暗雲
リビングに通された僕たちは、並んで座る両親と対面するように席に着いた。
当然、父の前には僕が。
千冬さんは母と向かい合わせる。
ただでさえ父は相手を緊張させるのだ──少しでも斜めに遠ざけて、千冬さんにリラックスしてもらったほうがいい。
僕なりのささやかな配慮だった。
しかし父は、そんな配慮すら無に帰すほどの重々しい雰囲気で、千冬さんに静かに尋ねる。
「ご趣味は?」
──お見合いかっ!
思わず心の中でツッコんでしまった。
色々話をしたいなかで、まず初めに聞くのがそれ?
訳が分からず、戸惑っていると、
「……そうですね」
千冬さんは悩み込み、困ったように笑ってしまっていた。
無理もない。何の前置きもなく「趣味は?」と聞かれたら、誰だって返答に窮するだろう。
しかし千冬さんは顔を上げ、冷静に答えた。
「ピアノと舞踊は習っていたので、人並みには出来るかもしれません。難しい技術は、少し自信がないですけど」
「……なるほど」
父が頷くと、また次の質問が飛ぶ。
「夏貴の気に入ったところは?」
「優しくて明るいところです。
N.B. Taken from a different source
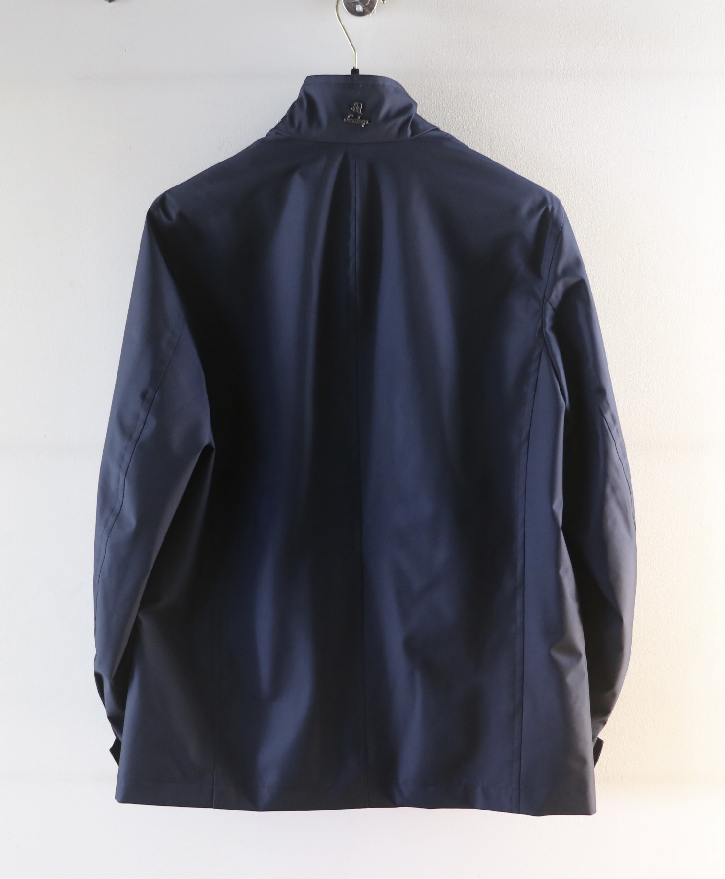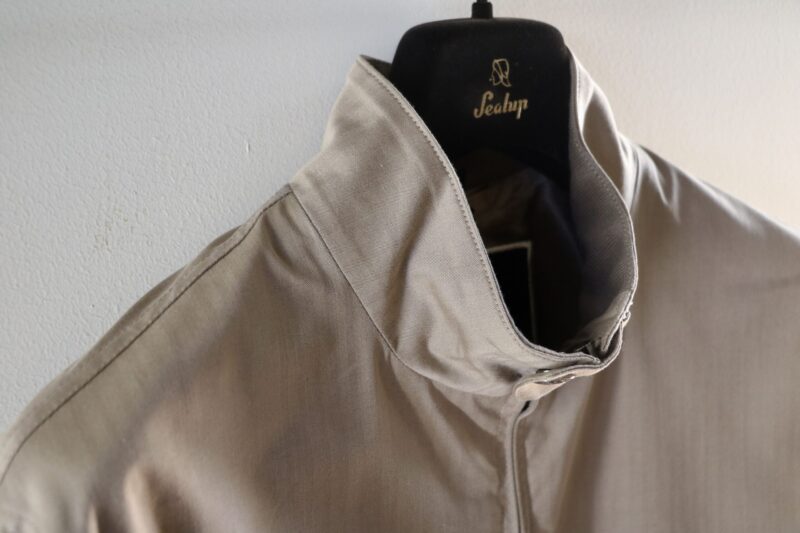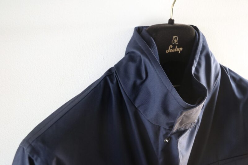 スタンドカラーのショートブルゾン「DIOGENE」。コットン57%・ウール43% Lolo Piana のStorm System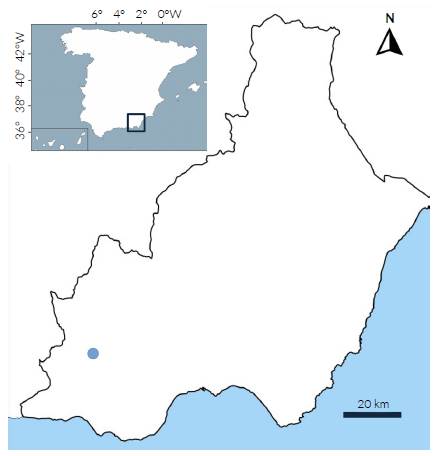 Figura 1: Localización del punto de muestreo (círculo) en Almería, España.

私のことをよく気遣ってくれるので、すごく感謝してます」
「では見てくれでなく、中身で選んだと」
「もちろんです。どれだけ顔が良くても、心が冷たい人は好きになれませんから」
「……なるほど」
──まるで尋問だ。
普通、息子が初めて彼女を連れ込んだときって、もう少し和気藹々とするものじゃないのか。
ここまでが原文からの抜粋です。